The history of painting in Peru dates back to pre-Hispanic times, where simple tools and dyes of natural origin were used. At that time, painting was limited to the decoration of ornamental and utilitarian objects made of ceramics. With the arrival of the Spanish conquistadors, painting became mainly an expression of Catholic religiosity.
During the Republican era, Peruvian painting went through four major periods or styles: costumbrismo, academic painting, indigenismo and contemporary or modernist painting.
Prehispanic era
Peruvian painting has its most remote origin in cave art, highlighting Toquepala and Lauricocha, whose antiquity was dated to about 10,000 years.

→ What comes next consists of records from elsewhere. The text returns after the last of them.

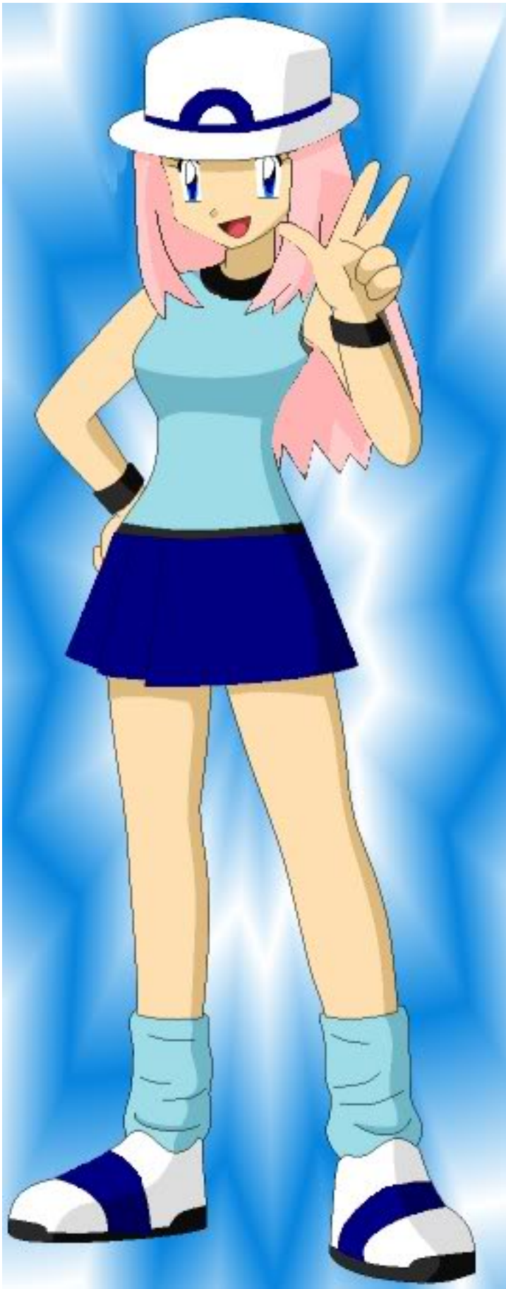
Height: A little short for her age
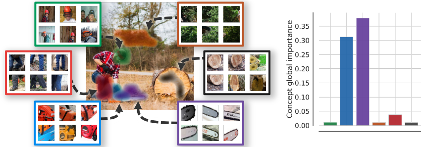
Fig. 5. Illustration from Fel et al. [35]. Natural examples in the colored boxes define a concept. Purple box: could define the concept of "chainsaw". Blue box: could define the concept of "saw's motor". Red box: could define the concept of "jeans".

Like in part-based XAI, the first concept-based method used labeled concepts. Kim et al. [66] introduced concept activation vectors (CAV) to represent concepts using a model latent space representation of images. Then, they design a post-hoc method, TCAV [66] based on CAV to evaluate an image correspondence to a given concept. Even though it seems promising, this method requires prior knowledge of the relevant concepts, along with a labeled dataset of the associated concepts, which is costly and prone to human biases.
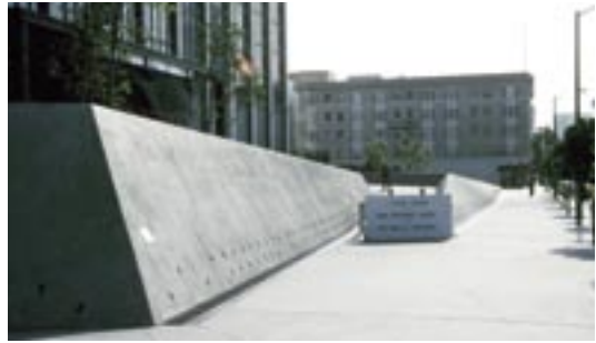
Phillip Burton Federal Building and U.S. Courthouse, San Francisco, CA.
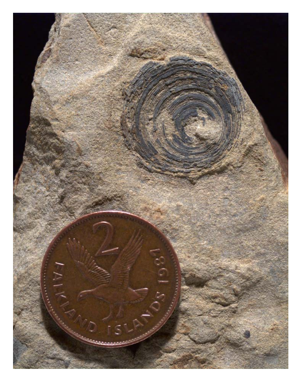
Plate 5. LX1015. A flattened example of the brachiopod Orbiculoidea falklandensis . Devonian, Fox Bay Formation. Caneja Creek, Port Salvador, East Falkland [51° 51' South, 58° 16' West]. BGS image number P511907. Illustrated in figure 13 of Stone and others (2005). Coin is 2.5 cm in diameter.
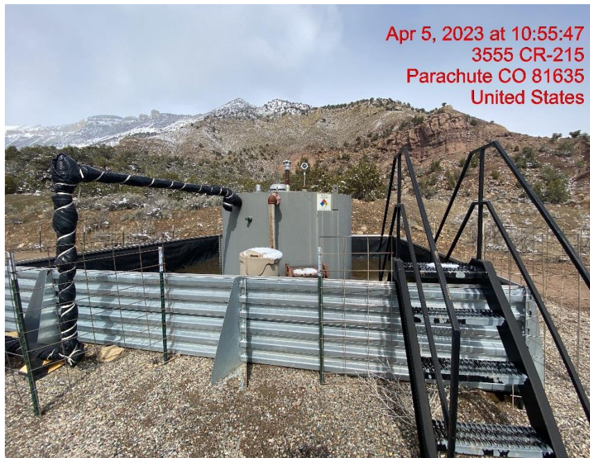
Tank Battery – Photo #01934
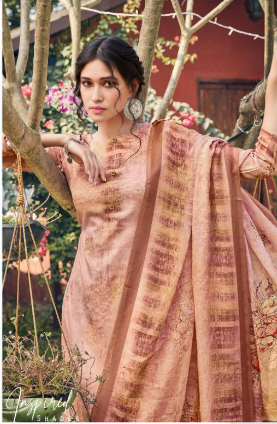
Inspired SHADES this season assortment brings your word rise too close to great looking colours and fantastic patterns...
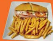
Torta de Jamon
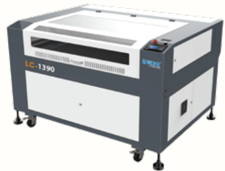
LC1390 X2 | LC1510 X2

LC6090 X2, LC1390 X2 AND LC1510 X2 are the favourite of garment producer, embroiderer and engraver alike. Thanks to the twin laser head which works synchronously, the X2 class machines produces twice as much as output at slightly higher investment to the LC class. We add long life laser tube, centralised lubrication for extra reliability and easy access to the laser tube compartment made maintenance work easier and faster. Additionally the machine is equipped with persistent memory system that save the machine's working state in case of blackout. When the power is restored, the machine can resume working seamlessly, therefore reducing discarded material. The X2 class machine has all the features and capabilities of LC class machine besides the auto focus and capable of cutting organic material such as acrylic, wood, particle board, leather, fabrics and many more non metal applications.
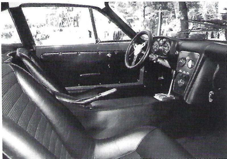
Interior trim has been restored in leather and vinyl as original. Wood dash was replaced. Transmission is a VW splitcase with Hewland parts.

Schaub: It is fiberglass. The chassis number says already that it has to be fiberglass. The aluminum cars were prototypes and did not
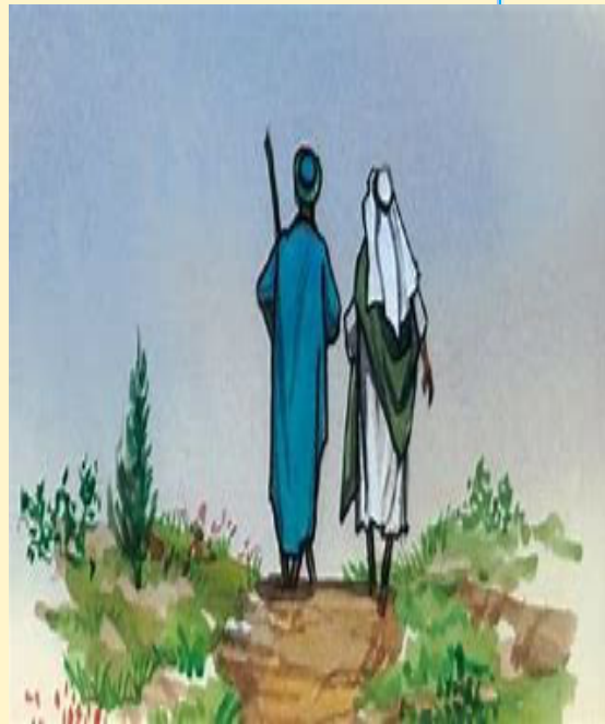
15th SUNDAY IN ORDINARY TIME

NEW PARISHIONERS: WELCOME TO OUR PARISH COMMUNITY! We ask that you please call the office to register in the parish.
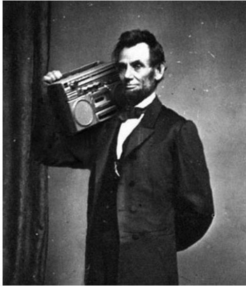
Figure 2 Abraham Lincoln with a boom box; this image was posted widely on the Internet in 2011 (original source unknown).

Despite this, I am uncertain whether anachronism itself is a very useful idea. The crux of the concept refers to an object or custom or way of thought which is out of its proper time. And this raises the question of what constitutes the ‘proper’ time for an object or thought. No doubt archaeology itself has helped to create the perceived proper temporal order for things, but more generally this is probably the legacy of modernist thinking insofar as the trope of modernity defines the very possibility of something being untimely. And this brings us back to the idea of contemporaneity as a relation to a period of time, which I discussed earlier. What makes something untimely is an idea of contemporaneity which works off the notion of the present as an era or period. For 19th-century antiquarians, archaeological remains were non-contemporary because they did not belong to the present – that is, the modern era. The present, as distinct from the past, and the modern as distinct from the ancient or premodern, are the classic chronoschisms of modernity, but they also perform the same function as any periodization: they make contemporaneity a question of belonging to a certain unit or stretch of time. This is exactly the same chronotype being played out here, as with my earlier discussion of chronology.
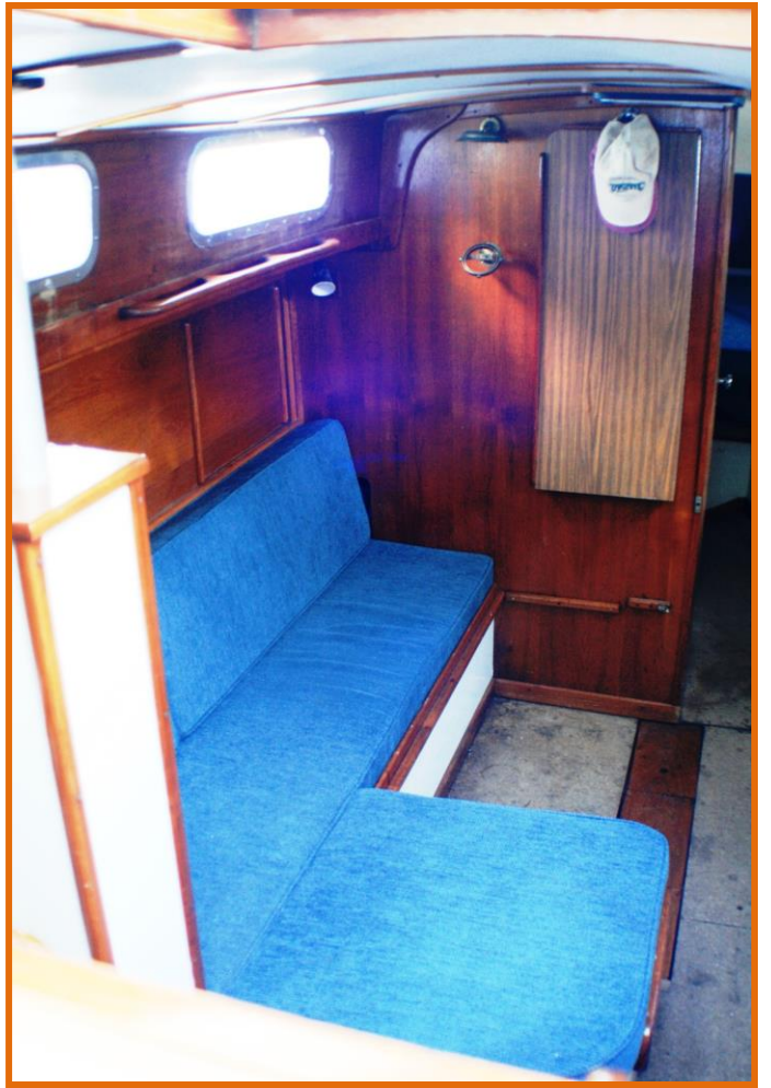
Port-side settee & double berth

In the Andean civilizations, the pre-Hispanic settler captured his art mainly in ceramics, distinguishing the Nazca, Mochica, Chimú, Tiahuanaco and Wari cultures. However, the Inca Empire limited itself to copying the Tiahuanaco queros. In the Moche culture, artists created high reliefs on the murals of the temples, such as the frieze located in the Huacas del Sol and de la Luna, 5 km from the city of Trujillo.
Painting during the Viceroyalty
The first expressions (1533-1620)
Painting, as an artistic representation on canvas or fresco, began during the viceregal era. Already in 1533, while the Spanish conquistador Diego de Mora was portraying the Inca Atahualpa imprisoned in Cajamarca, canvases, panels and images with representations of the new religion began to circulate throughout the vast Andean territory.
Colonial painting had three great influences: the Italian one, very intense during the 16th and early 17th centuries, which later diluted to regain its hegemony at the end of the 18th century with the introduction of neoclassicism; the flamenco influence, which existed from the beginning and its importance grew until it was very strong in the 17th century, but, above all, it was constant through engravings; and the Spanish one that manifested itself more strongly during the Baroque period of the 17th and 18th centuries, especially through the Sevillian School. Later, and after indigenous and mestizos, the American Baroque began, with the introduction and recovery of new factors in the artistic panorama. The incorporation of the indigenous did not only result in a style, but also represented a different concept of the universe and its expression, with genuine validity, manifesting itself in a different and own art.
Indigenous artists interpreted the religious themes and styles of Western art works given by Catholic priests. Colonial paintings show themes of saints and religious figures combined with indigenous elements, such as Andean dresses or Andean facial expressions.